Why do so many of us strive to be normal, to fit in? Is it our natural herding instinct, the safety in numbers? We don’t want to stand out too much, do we?

But what is normal?

Is it a basket of behaviours that can be grouped into a standard, a category or a stereotype? To me, normal is rather like ‘average’. Calculating an average number, or an average person can be a useful yard stick for grouping people or things, if it’s interpreted correctly.

But who is average? Who wants to be average? No-one is average. Average is a mathematical nicety describing a group, not an individual. It’s like when someone says ‘well most people would do that.’ Well, I’m not most people. Besides, how could I be?

So who wants to be ‘normal’? What is normal? Can one person really be normal?

I don’t want to be normal. I don’t want to be thought of as normal either.

Almost everything we do is secondary. Not secondary in importance, you understand. Secondary as in it’s been done before, said before, heard before, tried before.

We spend 99% of our entire school and college lives learning stuff that has already been figured out. We’re getting it second hand and not doing the primary work, the genuinely ground-breaking stuff. Remember that odd time when you stuck your neck out in school or college and wrote what you felt was something new, a product of your independent thought? I bet it was marked wrong, right? You’re treading where thousands of people have gone before, so your new thing is not thought to be right – thought being the operative word.

So much of what we do is secondary. Our working lives are about replicating processes, re-working, recycling, renewing what’s been done before. So little of it is actually new, never done before.

There is a very small number of people doing the primary stuff. Making the law, setting the precedent, inventing a financial mechanism, product, sport, piece of technology, process, creating something new and valuable. The rest of us are studying it, reading it, criticising it, adopting it, using it, benefitting from it, and sometimes improving it.

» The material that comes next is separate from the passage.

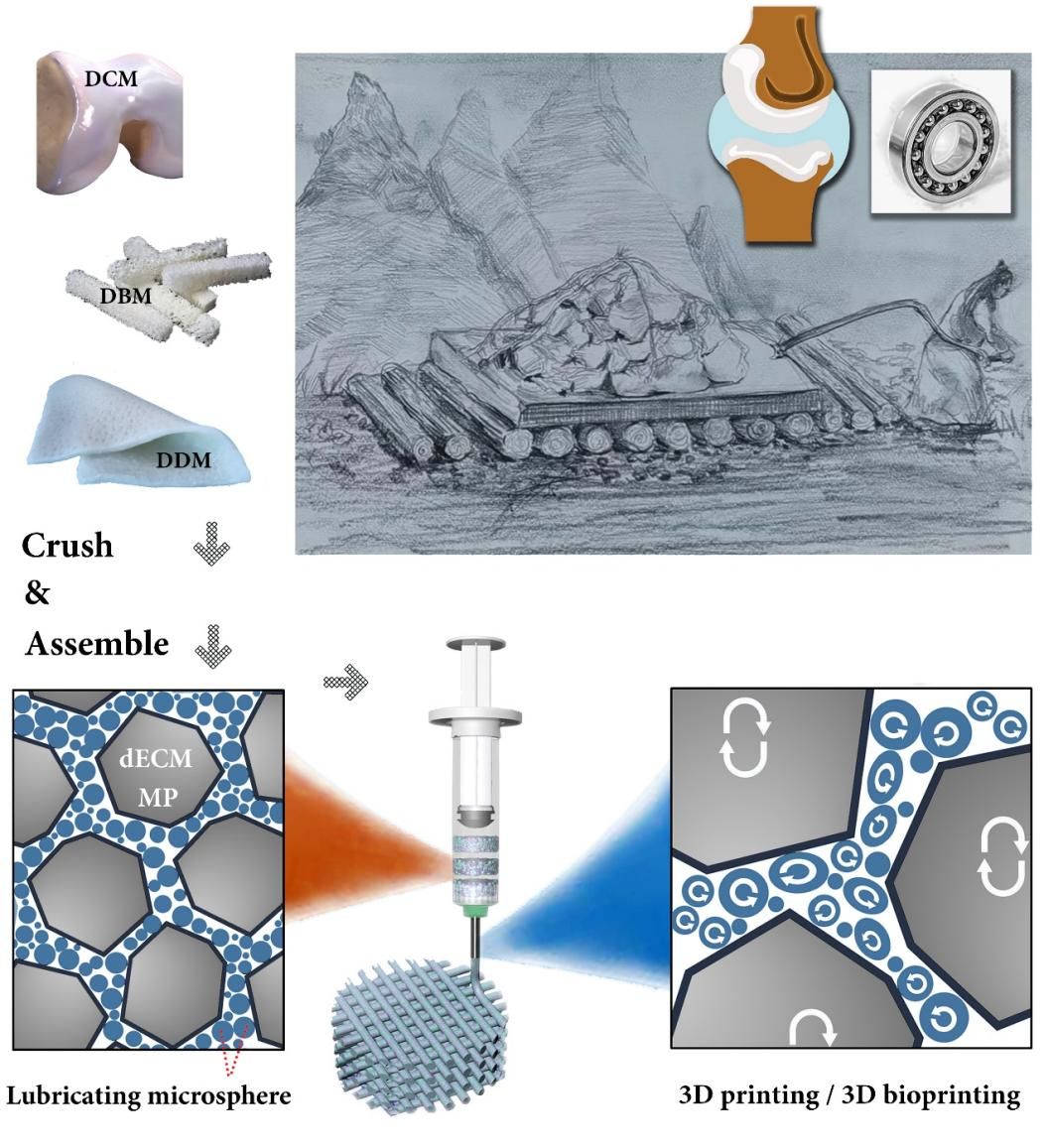 近日,根据颗粒润滑和关节润滑的原理,上海大学材料科学与工程学院高分子材料系的张坤玺副教授、尹静波教授团队建立了一种高效、通用的、可用于3D打印的高含量dECM微颗粒基异质性颗粒墨水的制备方法,研究成果发表在高水平期刊《Advanced Functional Materials》(影响因子:19.000),论文题目为“Lubricating Micro-Interface Assisted General Strategy for PreparingdECM-Microparticle–Based Heterogeneous Granular Inks toward 3D Printing”,上海大学为第一作者和第一通讯作者单位,同济大学附属同济医院、中国人民解放军海军军医大学为合作单位。

In the world of doing primary stuff there is failure, mistakes, false dawns, incorrect conclusions, disappointment and a huge amount of wasted time. But also, by an order of magnitude greater, there is fame, fortune, progress, history, satisfaction, gratitude and humility.

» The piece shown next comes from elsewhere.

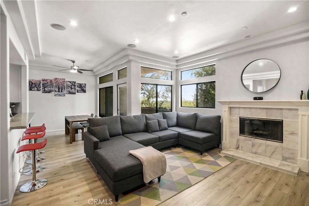 Luxurious, upscale, south of the Boulevard, 3-level townhouse with unobstructed valley views from a variety of different outdoor patios - including private rooftop. Tastefully designed floorpan first takes you through the spacious foyer leading you to a gourmet kitchen featuring a breakfast bar, granite countertops, open concept over-looking the dining area easing your way to your outdoor patio. Enjoy the cozy fireplace in the adjoined living room with oversized windows capturing the tree-lined, mountain scape. Side-by-side laundry area conveniently located just off the kitchen. Natural light pours through this beautifully maintained townhome. Both upstairs bedrooms have their own ensuite full bath. There are 2 closets in the owner's bedroom, one of which a walk-in closet. There is ample storage within the unit, 2 assigned parking spaces with additional guest spots in gated, secured subterranean parking garage. The walkability factor is 2nd to none...a few doors down from the esteemed Carpenter Community Charter Elementary School, Studio City's Farmer's Market, Fryman Cyn Hiking Trails, CBS Radford Studios, Trader Joe's, and so much more!

What primary stuff are you doing, or trying to do?

There’s nothing like the physical world to give us a powerful corollary of how it works in the cyber world.

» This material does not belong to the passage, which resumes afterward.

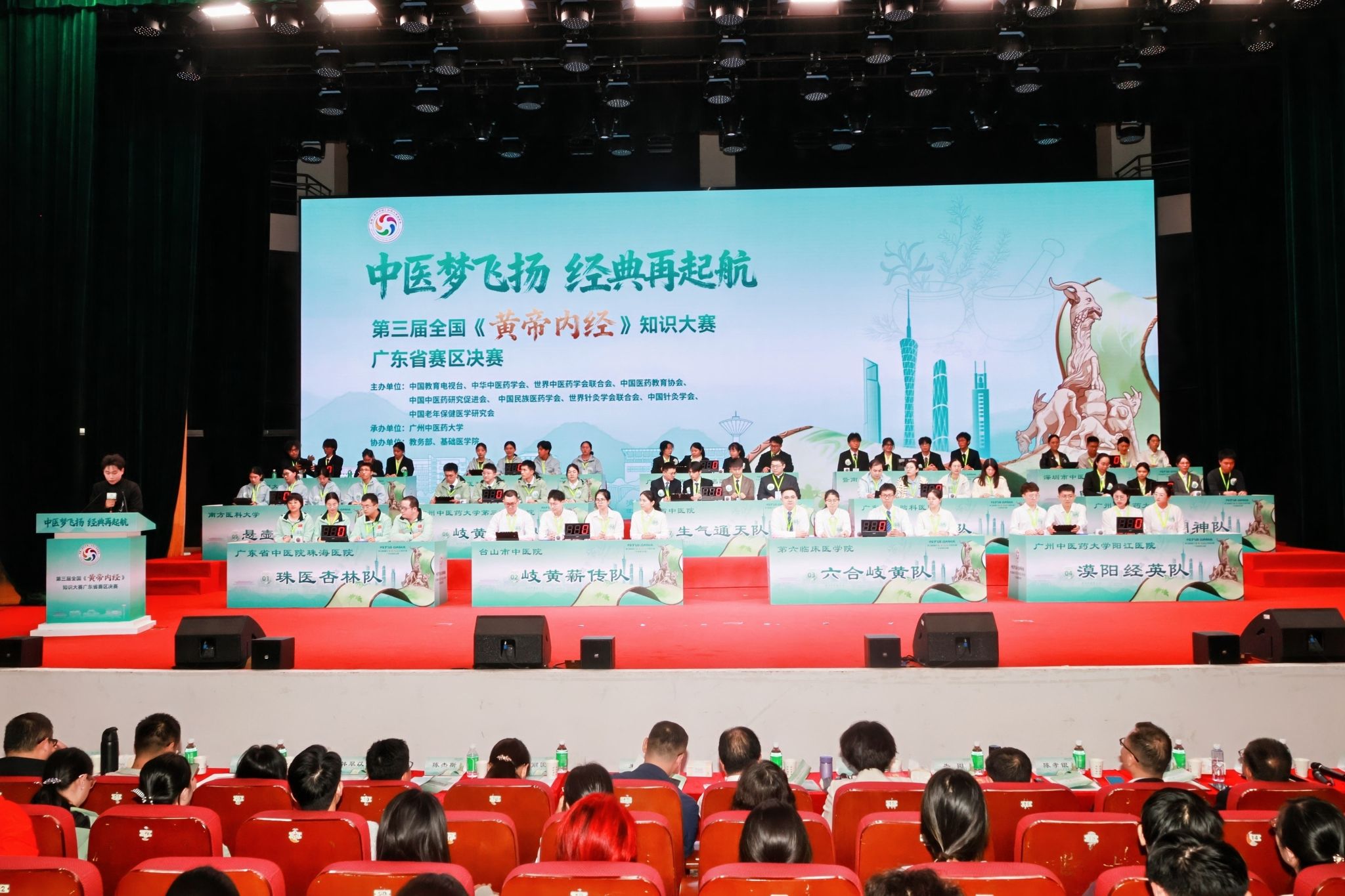 11月12日下午,由中国教育电视台、中华中医药学会、世界中医药学会联合会等单位主办,广州中医药大学承办的第三届全国《黄帝内经》知识大赛广东赛区决赛在广州中医药大学大学城校区举行。来自全省多所高校、医院的14支参赛队伍围绕中医经典展开了一场高水平的知识较量与智慧交流。

I’m always reminded of this in late December when families and friends get together at the end of a few months of solid graft and a winter vomiting bug or two runs riot, moving through areas like wildfire.

That’s really viral, genuinely viral. You can see why the term virus was coined in the cyber world. A physical virus is an amazing thing, replicating itself, producing different strains and moving quickly through people in different cycles and timeframes.

Millions can be affected within the space of a couple of weeks, brought on by the combination of people being at a low ebb and slightly more vulnerable to infection after a sustained period of work, proximity to others, and mobility within family groups and circles of friends.

I’m always fascinated by how terms like desktop, folder, cloud, virus and so on are borrowed from the physical world for their digital equivalent. They always seem so apt.